The third point is that there is disagreement about the actual value of “equilibrium climate sensitivity”, the long-term amount of temperature increase due to a doubling of atmospheric CO2 levels. Curiously, the article cites estimates by Julia Hargreaves published in 2012, that a cursory search of her website’s publications page has failed to turn up (let me know if you have better luck), as well as “Nic Lewis, an independent climate scientist”, who turns out to be a semiretired financier with a background in math and physics with only one published paper on the subject. It is disappointing that The Economist uses a less-than-credible source like Nic Lewis on par with actual climate scientists. Granted, there may well be disagreement about the actual value, as there should be, but evidence needs to be properly weighted. Call me elitist, but I don’t see how giving equal weight to an amateur scientist with one publication and an expert in the field makes sense. Another source that is mentioned as providing evidence for a lower climate sensitivity is an “unpublished report by the Research Council of Norway, a government-funded body”. If there is one thing that I don’t think should belong to an article about science, it is unpublished reports (that being said there is a recent article by the team behind this research that’s freely accessible). My point here is that not all sources are made equal, and even if peer review does not always guarantee sensible publications, The Economist appears to exhibit a surprising bias in favor of dubious sources.

Another point that I want to make based on my own recent experience with epidemiological models of infectious diseases in Sub-Saharan Africa is that reconciling the predictions of multiple models (or even understanding the sources of the discrepancies between them) is extremely challenging albeit necessary to inform policy decisions (see this article examining the impact of antiretroviral therapy on HIV in South Africa predicted by 12 different models). Nevertheless, if a large fraction of the models predict a particular range of results, the laws of probability suggest that the correct answer is within that range even when several new models appear to give predictions outside that range. Of course, the really hard decision that needs to be made is on the policy level, which in the case of climate change largely falls into the buckets of “mitigation”, meaning a significant reduction in CO2 emissions, and “adaptation”, meaning adjustment to the change in climate, which would make sense if that change were less severe. If I know little about climate science, I know even less about policy, but in this case I tend to agree with William Nordhaus of Yale University, quoted in this article as supporting drastic interventions as a sort of disaster insurance protecting humanity against fairly unlikely events with catastrophic consequences.
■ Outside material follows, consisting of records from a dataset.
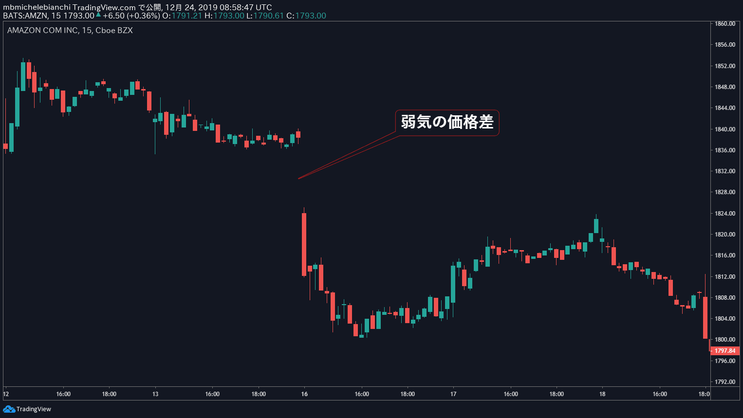 - 価格差とは、売買活動の急増で市場の大幅な短期的変動につながる時に発生する、資産のチャート履歴にある空白のことです。
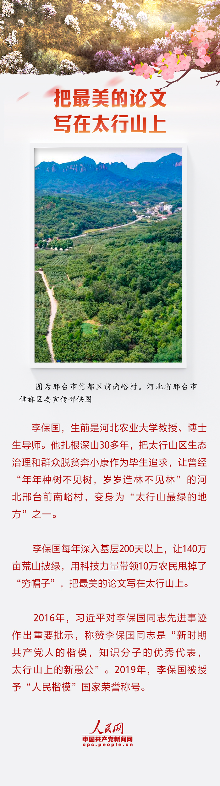 習(xí)近平總書(shū)記連續(xù)十多年履行與春天的“綠色約定”,心系國(guó)土綠化事業(yè),引領(lǐng)推進(jìn)生態(tài)文明建設(shè)。“抓生態(tài)文明建設(shè),既要靠物質(zhì),也要靠精神?!绷?xí)近平總書(shū)記曾多次提到英模厚植精神之“樹(shù)”為人民謀幸福的事跡,一起學(xué)習(xí)領(lǐng)悟。
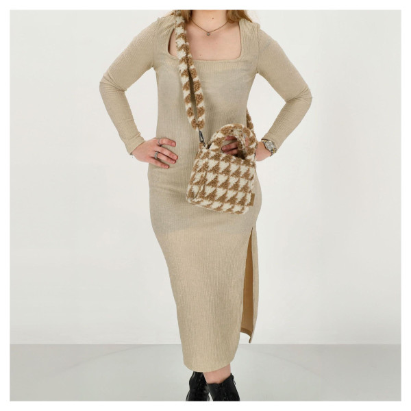 Roztomilá kabelka Beagles Navarra s teddy látkou a béžovým houndstooth vzorem dodá vašemu outfitu útulný vzhled. Díky kompaktnímu rozměru je ideální pro vaše nezbytnosti.
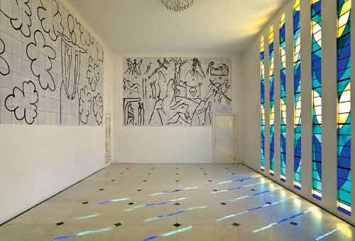 During the last years of his life, Matisse designed the Chapelle du Rosaire for the Dominican Sisters of Vence, and considered it his masterpiece. The serenely white exterior and interior is enhanced by the beautiful stained-glass windows (again using cut-outs) in blue, green and yellow, replicating the tree of life, expressing, in a limited space, the idea of immensity and serenity. The windows’ reflection throughout the white interior of the chapel emphasises the music of colour – so important for Matisse during his entire life.
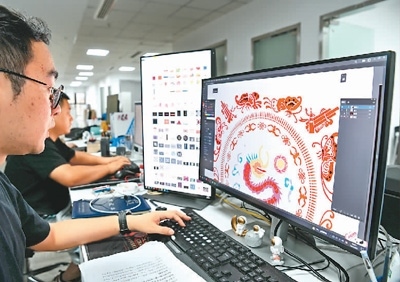 多彩貴州文化數據平臺有限公司的設計師在電腦上做苗繡矢量化提取。
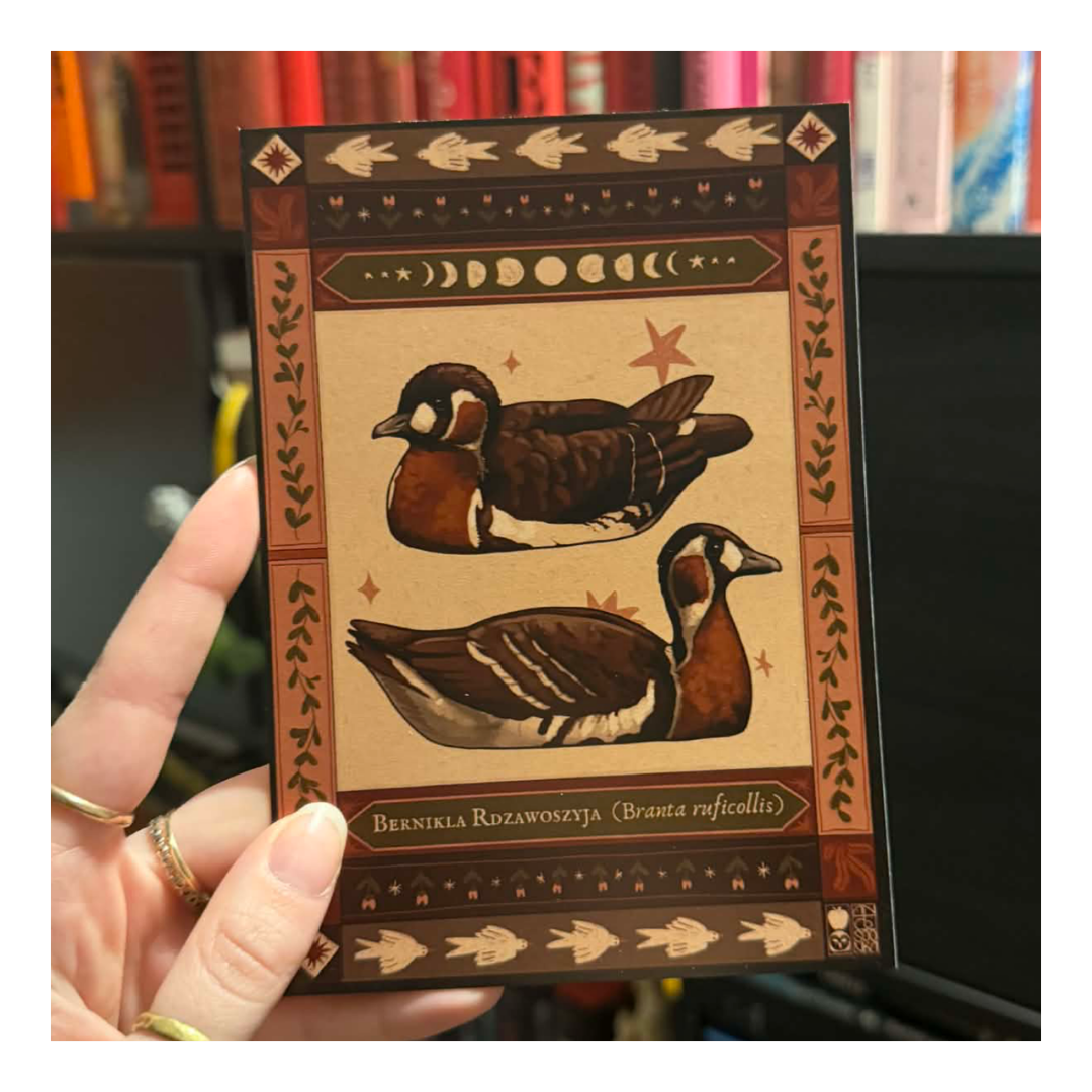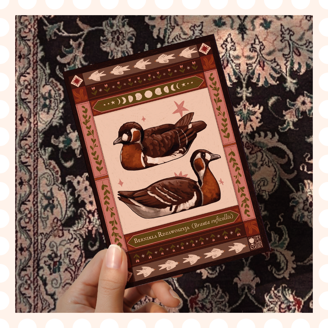 Unikatowa, ręcznie rysowana pocztówka z berniklą rdzawoszyją i piękną ozdobną ramką. Rysunek jest częścią większej ptasiej serii, którą rysowałam w ramach Avian August – wyzwaniu polegającemu na rysowaniu różnych ptaków w ciągu całego sierpnia.  Pocztówka idealnie nada się zarówno do wysłania bliskiej osobie ze słabością do gęsi czy jako drobna dekoracja ścienna we wnętrzach typu cottagecore, ruralcore czy goblincore.

In conclusion, The Economist does an excellent job of describing the scientific challenges of modeling climate in simple terms, but appears to overestimate or overstate the disagreement between different models, partly based on its use of less-than-credible sources. It also highlights the difficulty of taking a scientific conclusion and translating it into policy. But it seems to be missing some fundamental points about models by evaluating them purely based on their agreement with observations. Furthermore, it is misleading in suggesting that newer models may be more accurate than older ones, when they actually seem to be based on a less detailed, rather than more detailed, representation of the system in question. I hope that, by educating the general public about the development and use of mathematical models, as well as the conclusions that can and cannot be drawn from their results, we mathematicians and scientists may one day help it reach a level of understanding that will make such articles superfluous.